In summary, as advances in technology enable digital tools to gather ever larger amounts of high-resolution personal health information, core principles of medical and research ethics must be integrated at every step, beginning in the design phase. Methods common to the consumer technology industry for obtaining agreement to corporate ToS, including privacy policies, are not sufficient or appropriate for obtaining informed consent from users, be they patients receiving care or participants in health research. The field of Digital Medicine must develop innovative ways of ensuring that the values of respect, privacy and trust are not lost in the pursuit of better data.

Part III: Categorizing Types of Digital Measurements

Are Digital Measures the Same Thing as “Digital Biomarkers”?

In some cases, yes. But not always. Determining the best term boils down to what you are measuring and for what purpose. Although we worked hard to minimize jargon in this paper, this section will have more technical terms because we strive to use the same language that regulators use to categorize types of measurements, and we want to arm developers with the right language and frameworks to work with regulatory bodies.

The FDA and NIH came together in 2016 to create the BEST (Biomarkers, EndpointS, and other Tools) glossary resource to help clarify terms in this confusing space [87]. BEST defines an outcome as any “measurable characteristic… that is influenced or affected by an individual's baseline state or an intervention as in a clinical trial or other exposure.”

Let us start by reviewing differences between biomarkers and clinical outcomes (Box 4). The purpose of medicine is to improve health and reduce the risk of an early death. Outcomes are essential measures to determine whether the practice of medicine is working. Outcomes can be clinical outcomes or biomarkers.

A clinical outcome“describes or reflects how an individual feels, functions or survives” [87]. For example, “average gait speed” for walking bouts greater than a certain number of steps measured over multiple days outside the clinic may be a direct measure of mobility, which is one component of physical functioning.

A biomarker, on the other hand, is “a defined characteristic that is measured as an indicator of normal biological processes, pathogenic processes, or responses to an exposure or intervention, including therapeutic interventions” [87]. For example, a biomarker could be measuring hemoglobin A1c in diabetics to determine an individual's average blood sugar level over the past several months. For biomarkers, think “signs,” not “symptoms,” which are more likely a clinical outcome. Most of the time, biomarker measures are not the things that are necessarily meaningful to patients – but the measurements might be accurate representations, predictors, or monitors of underlying biology and disease.

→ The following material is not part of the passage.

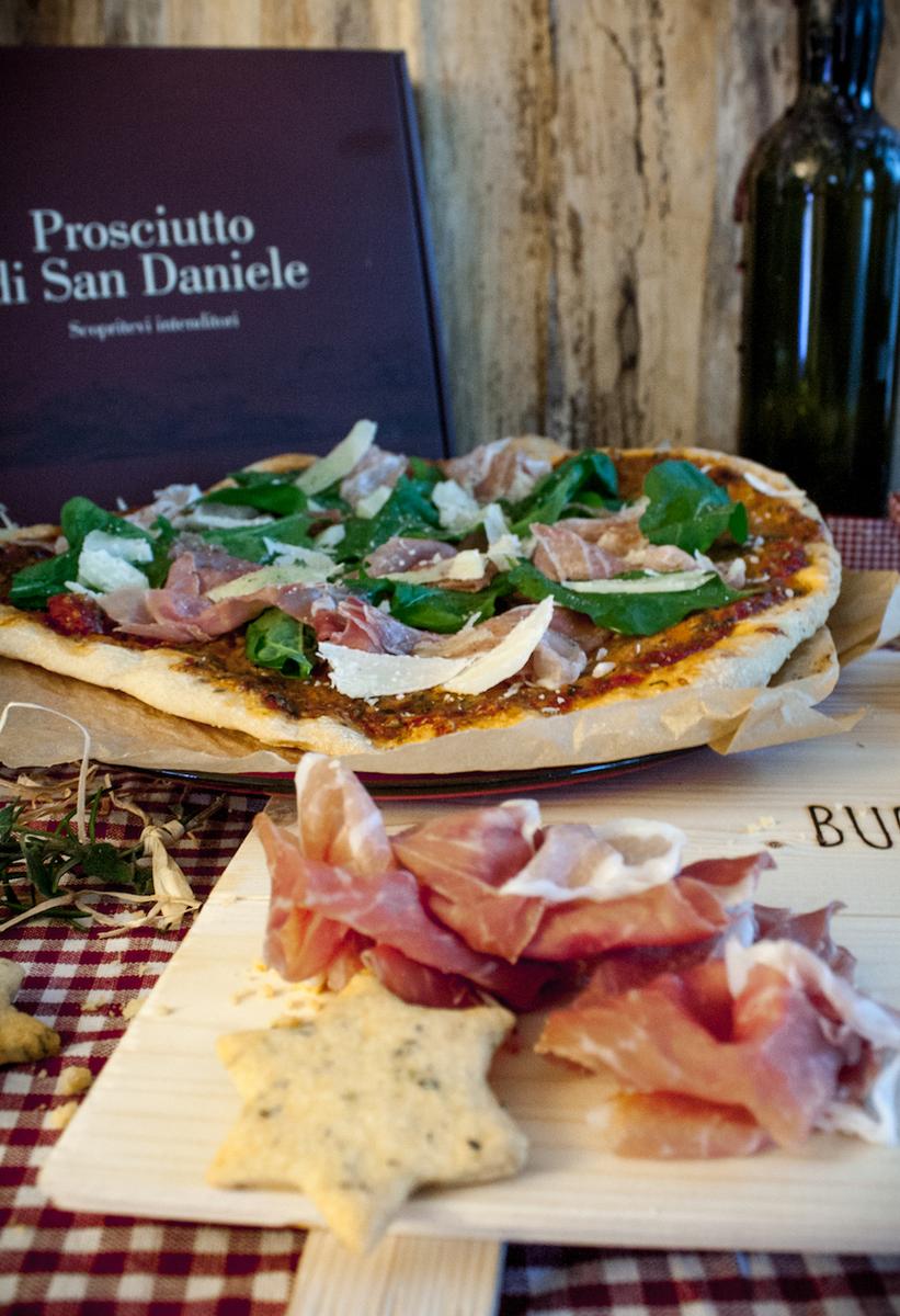 Knuspriger Pizzaboden trifft auf zwei echte italienische Klassiker - Prosciutto di San Daniele und Grana Padano - mehr Italien auf einer Pizza geht kaum.

In many circumstances, meaningful clinical outcomes such as survival or the occurrence a cardiovascular event may occur so infrequently that they are difficult or unethical to study directly. Biomarkers provide researchers interim evidence about the safety and efficacy of interventions while more definitive clinical data is collected. In some cases, it may be preferable to use established biomarkers as surrogate endpoints to reduce the risk of harm to patients [88]. Though biomarkers have intrinsic characteristics, they also have contextual ones. Depending on how a biomarker is used, it could have a relationship to a number of other medical concepts as shown in Table 4(Fig. 7) [87].

Table 4.

Biomarker examples

Biomarker type Example
Susceptibilityto or the risk of developing a condition Gait characteristics (step-length during everyday walking) may be valid biomarkers to calculate fall risk in certain populations Using a combination of genetic variants to predict the onset of age-related macular degeneration

Diagnosisor health status monitoring Presence or absence of P waves on an ECG trace obtained from a wearable/portable sensor as one of the inputs to a software algorithm to detect AFib that comes and goes (paroxysmal AFib) Tremor detected in a limb at rest with a wrist-worn wearable may be one marker among several to help detect and monitor early Parkinson's disease

Predictingwhether an individual is more likely than others to experience a future change or clinical outcome A breast cancer patient's HER2 status can be a predictive biomarker, when it is used to assess whether to treat with Herceptin The number of threshold-crossing events on an intrathoracic impedance signal measured by an implanted device may be a useful biomarker to enrich heart failure clinical studies with people more likely to experience clinical endpoints like hospitalization [107, 108]

Evaluating an individual'sprognosis, or the likelihood that a disease recurs, progresses, or is cured, or that some other clinical event may happen in the future Using a composite mobility measure to predict future need for long-term care

Monitoringthe molecular effects of an intervention Monitoring an antigen released by pancreatic cancer cells (CA 19-9) to judge a treatments efficacy Using a continuous glucose monitor to detect how a patient is reacting to insulin

Detecting asafetysignal or adverse event Using a simple accelerometer or gyroscope for fall detection

Precisely quantifying the time-course over which a dose of medicine has an effect on the body (itspharmacodynamics) Sweat chloride may be used when evaluating patients with cystic fibrosis, to assess response to cystic fibrosis transmembrane regulator-potentiating agents

Fig. 7.

Fig. 7

The BEST (Biomarkers, EndpointS, and other Tools) Framework. In 2016, the FDA and NIH collaborated to draft “Biomarkers, EndpointS, and other Tools (BEST),” which contains a description of seven types of biomarkers. All of these biomarkers could be measured using digital tools, which results in a digital biomarker.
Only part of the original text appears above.